On a 7.1 system where should the larger speakers be placed. I have a pair of Mission 761's and a pair of 762i's. The 762i's are a little bit larger than the 761's and wonder if they should be mounted at the rear position behind the listening position or on the side walls?


----------



## drdoan (Aug 30, 2006)

Your best speakers should be used for the front as that is where most of the sound information is going. I prefer my surrounds to be mounted higher than the listening position just behind my ears. Dennis


----------



## tonyvdb (Sep 5, 2007)

Hi and thanks for your answer. I do have my best speakers in the front they are Mission 765 towers. I was only concerned with the rear surround channels.


----------



## jerome (Apr 24, 2007)

Try to Google for speaker placement and you will probably find an answer to your question.
Dolby laboratories have one version:
Speaker Placement
THX have a slightly different one:
http://www.thx.com/home/setup/speakers/71.html

You will have to try and figure out what works best for you. It is not always so easy to place the speakers are Dolby and THX expect them to be placed.


----------



## alexadams77 (Aug 4, 2007)

Most of the movies out these days are decoded in 5.1, so the larger speakers should be on the side walls as they will see more action from movies then the rear surrounds. Even if you have NEO or Matrix on your receiver, the side surrounds will always play more then the rear surrounds.


----------



## jerome (Apr 24, 2007)

alexadams77 said:


> Most of the movies out these days are *decoded *in 5.1, ...


You mean coded not decoded, right? That's correct that most DVDs today are coded in 5.1 but an extra (pair of ) speaker(s) can help a lot if you have a large room by creating a complete surround stage (i.e. something is happening behind your back, not just on your sides).

Budget and priority are important here. For instance, I haven't updated my 5.1 system to 6/7.1yet because I feel that there is more to get by upgrading the components in my current system than going to 6/7.1.


----------



## tonyvdb (Sep 5, 2007)

Thanks for the advice guys, I have an Onkyo TXSR805 on its way to me and I needed to know the proper placement for the speakers so this helps allot I will put the 762i's on the side walls as my room is fairly large (15'X40')


----------



## Guest (Nov 20, 2007)

tonyvdb said:


> Thanks for the advice guys, I have an Onkyo TXSR805 on its way to me and I needed to know the proper placement for the speakers so this helps allot I will put the 762i's on the side walls as my room is fairly large (15'X40')

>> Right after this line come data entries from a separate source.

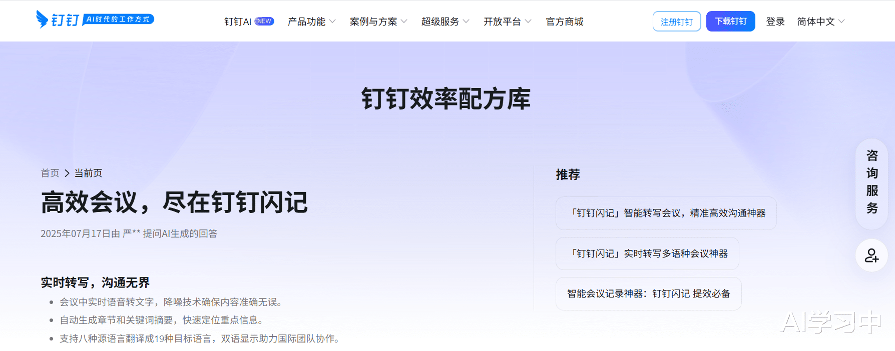 这两款工具均集成了先进的 AI 能力,能够 实时进行会议语音转文字、自动区分发言人、生成会议纪要摘要,并标记待办事项。
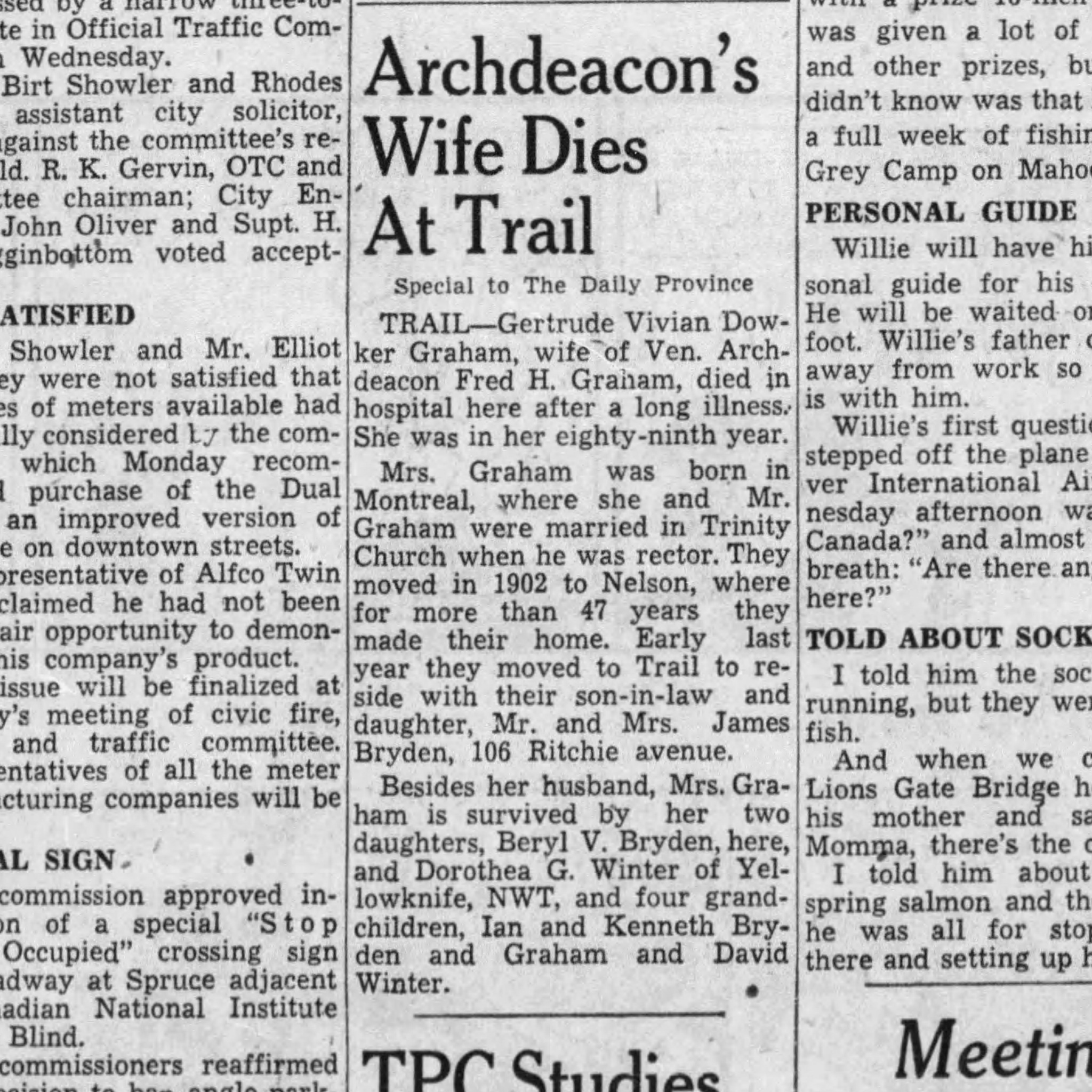 Gertrude Dowker, source: the Provice, Aug. 3, 1950
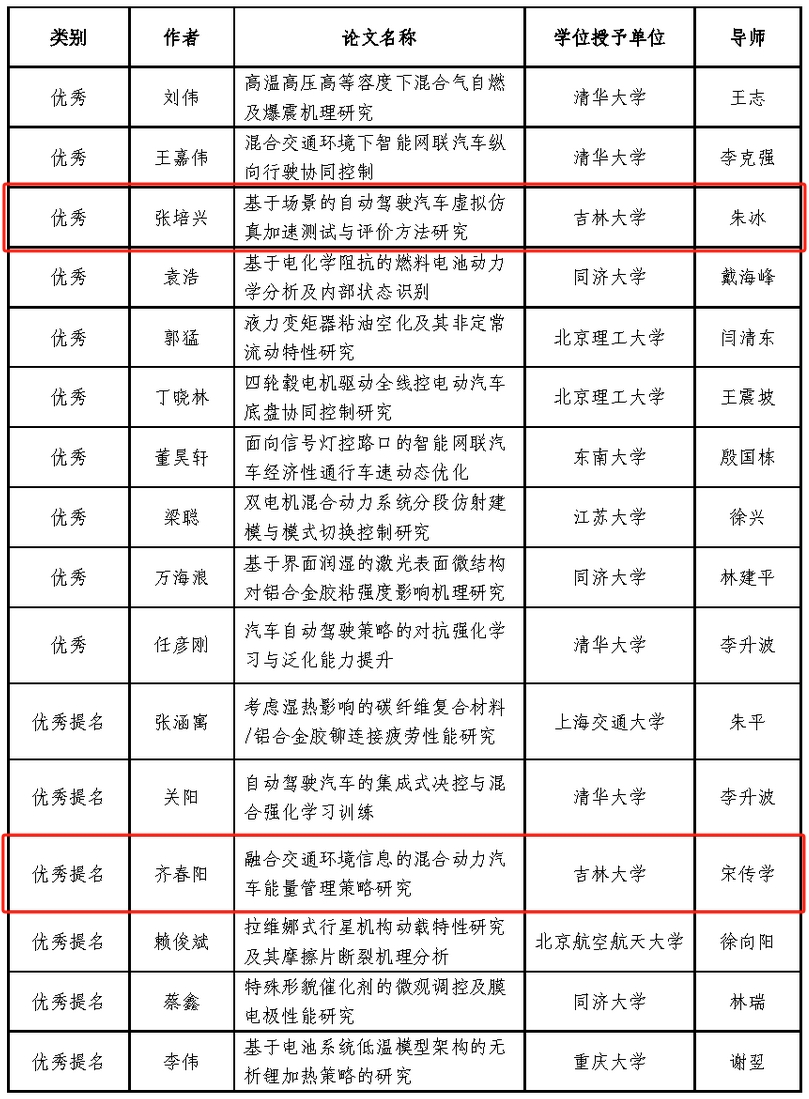色情网 朱冰教授指导的张培兴博士毕业论文《基于场景的自动驾驶汽车虚拟仿真加速测试与评价方法研究》荣获“优秀博士学位论文”,宋传学教授指导的齐春阳博士毕业论文《融合交通环境信息的混合动力汽车能量管理策略研究》荣获“优秀博士学位论文提名”。
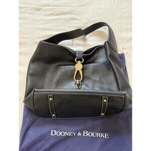 Dooney & Bourke Black Pebble Leather Shoulder Bag with Gold Hardware & Dust Bag
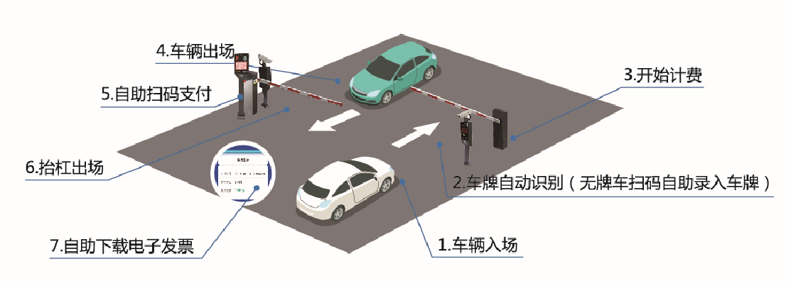 - ●临停移动支付:临停车辆在出厂前可自主扫码缴费,自动出场。
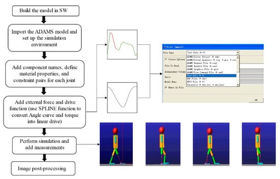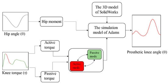 The knee angle was also obtained by simulation. The knee angle acquirement scheme is shown in Figure 11. The equivalent model was established in Adams (MSC software). The normalized hip angle (θ) and the prosthetic knee torque obtained by simulation were set as the driving source in the Adams simulation environment. The active torque and passive torque provide corresponding drivers for simulation model in the active and passive stages in the gait cycle, respectively.
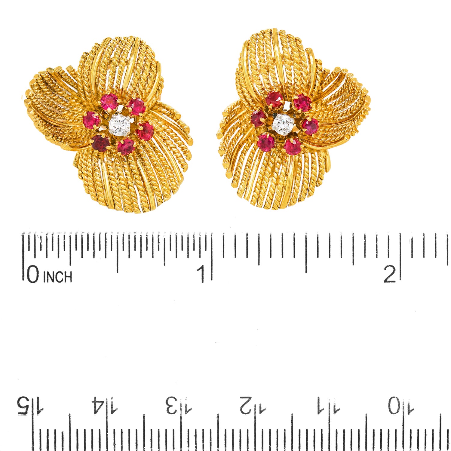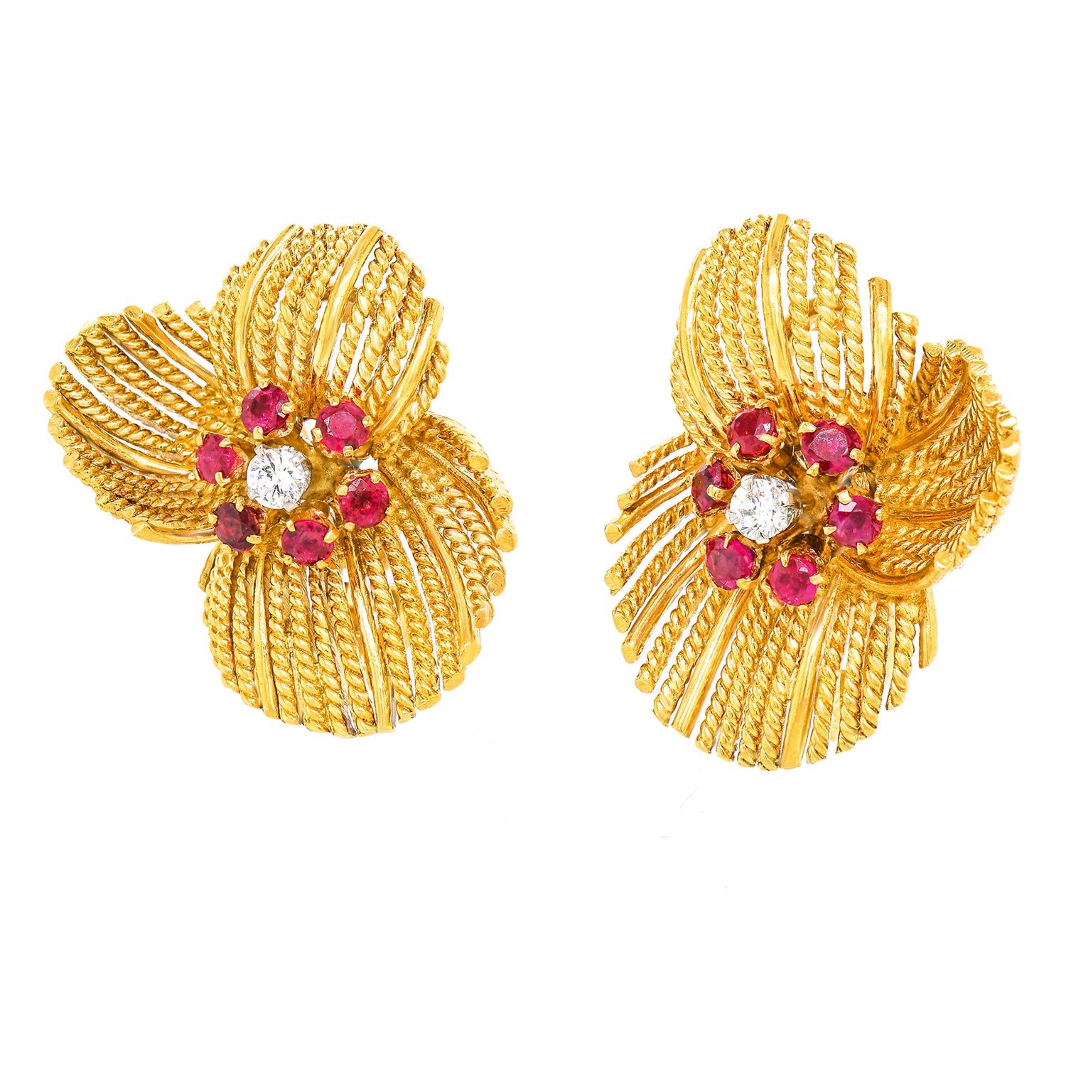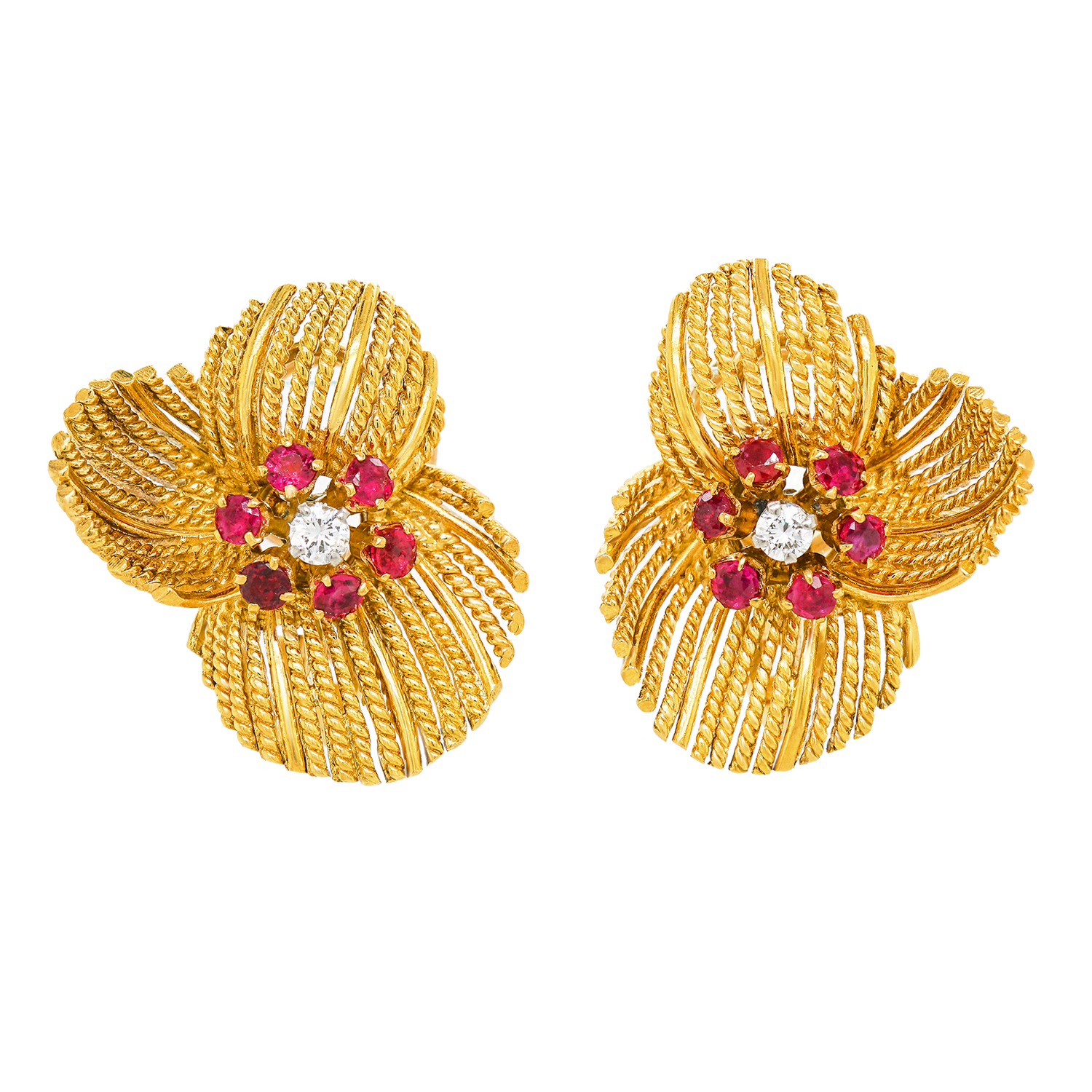 Circa 1964, 18k, London, England. From the pages of Vogue to Carnaby Street, sixties London style is fab …fabulous. These chic flower motif earrings are finely hand-fabricated in eighteen-karat yellow gold and set with bright red rubies and brilliant diamonds. Texture, shape, and form all come together for a delightful visual. Excellent condition.

B/C of my current room layout I was forced to put my side surrounds on the back wall flush with the seating position (i.e. no R side wall). Wherever you decide to put your speakers, may I suggest being sure to calibrate them with the rest of your system using a sound meter. In my experience, it probably makes just as much of a difference as whether you hang the surrounds on the side vs. the back wall.


----------